Желтов выслушал мои суждения и поднял вверх руки, показав тем самым, что он испугался — якобы сдаётся перед моими словами.
— Вот стою и думаю — то ли поменять место жительства? Если вот такой правильный опер меня будет опекать, я долго в этой квартире не проживу, ждут меня «края далёкие», — ответил Желтов.

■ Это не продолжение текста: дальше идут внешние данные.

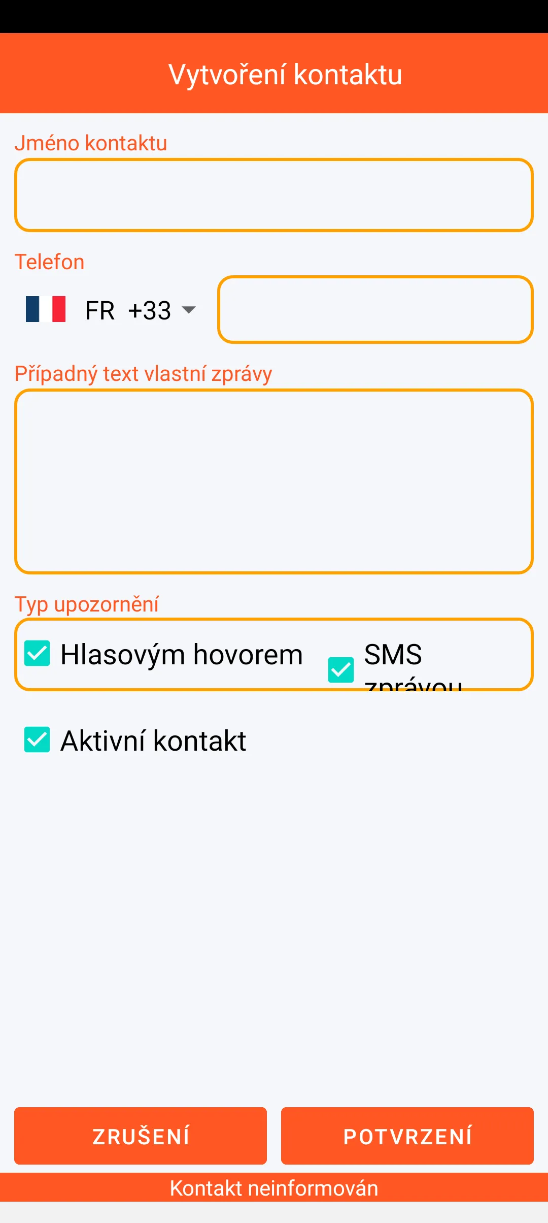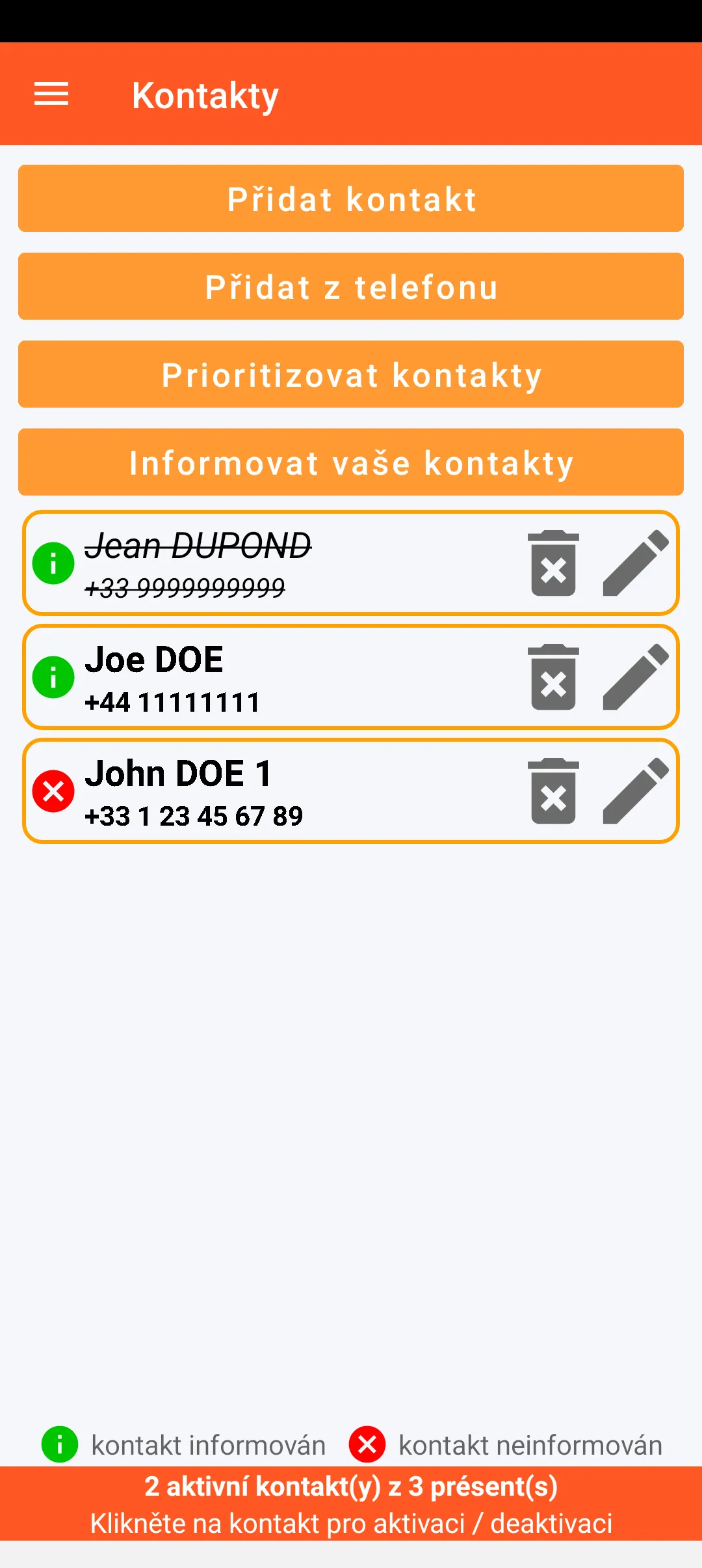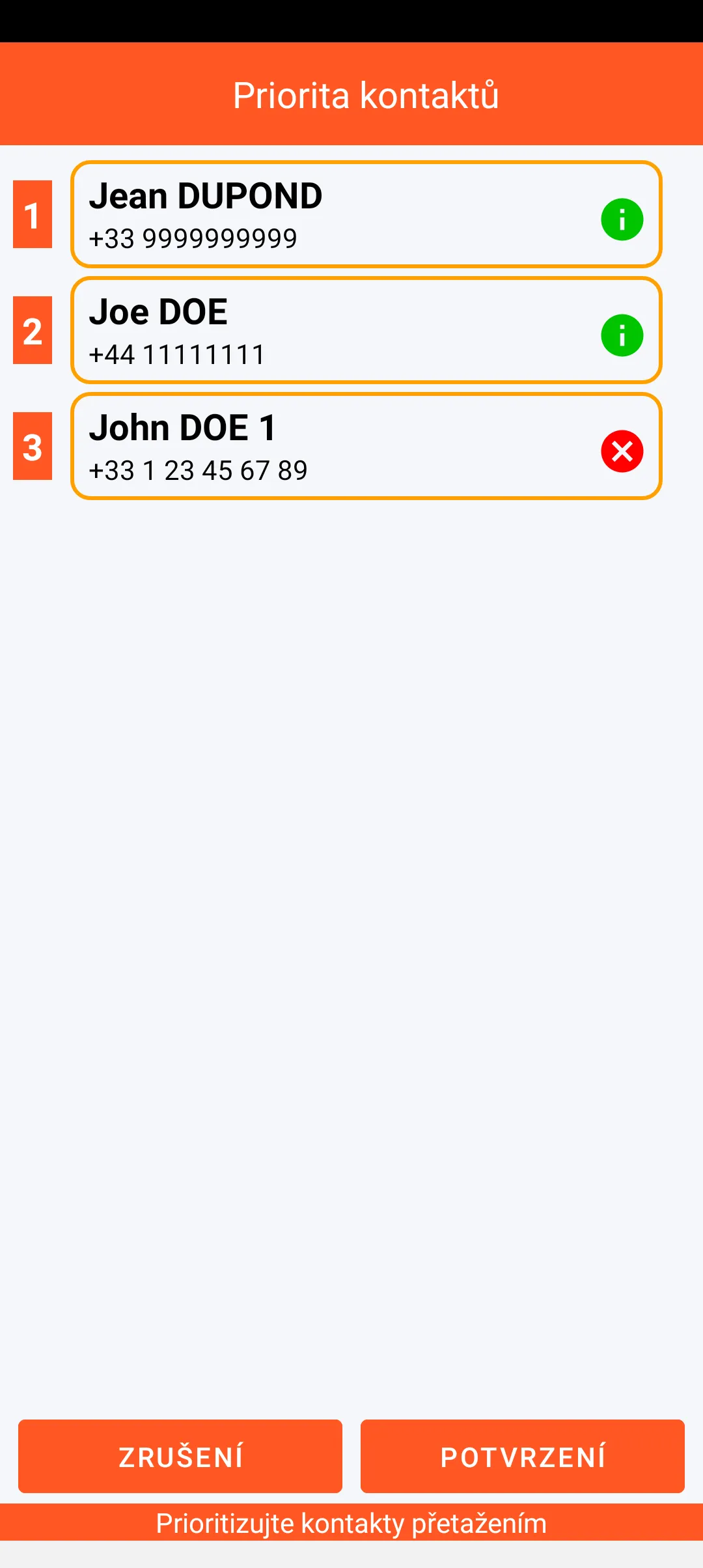 Můžete definovat důvěryhodné osoby, které mají být upozorněny z kontaktů přítomných na smartphonu. Tyto osoby mohou být prioritizovány a informovány, že mohou obdržet zprávu s upozorněním. Každý z kontaktů může být dočasně deaktivován.

— Все под Богом ходим, — ответил я.
— Владимир Иванович, я «всё осознал и хочу покаяться». Жил я раньше неправильно, хочу начать с этого момента новую жизнь. Есть у меня «мечта» — сотрудничать с вами. Не хочу больше на зону: если такие «крутые» опера пришли вам на смену — у порядочных воров жизни дальнейшей не будет. Хочу вам сразу одну преступную банду сдать. В этой банде все — головорезы, они вычисляют в городе молодых оперов и на них нападают. Бьют ножами, даже пистолеты отбирают, — продолжил Желтов своё устрашение в мой адрес, нарочно вынуждая меня сорваться и наговорить лишнее.
— А-а, знаю одного из этой банды. Паренёк из Свердловска, бывший опер, уволили его недавно. Правда, уволили ни за что — «смотрящему» по их городу голову молотком пробил. Конечно, заявление он не написал, сам знаешь — не по понятиям это в воровских кругах, а вот соседи оказались тому свидетелями и сообщили в милицию. Руководство подстраховалось — взяли и уволили его из органов, так он банду создал — «Белая стрела, железный молоток». Я с ним вместе в школе милиции учился. Так вот, он мне недавно звонил — говорит, если будут какие проблемы с жуликами, то мне поможет — одним «смотрящим» на свете больше, одним меньше, тем более если можно будет поживиться в его хате. Если повезёт и общак воровской найдёт — деньги лишними не бывают, хоть и криминальные. Вот он в этой банде главный, — ответил ему я, подражая манере общения Желтова, на его же блатном языке.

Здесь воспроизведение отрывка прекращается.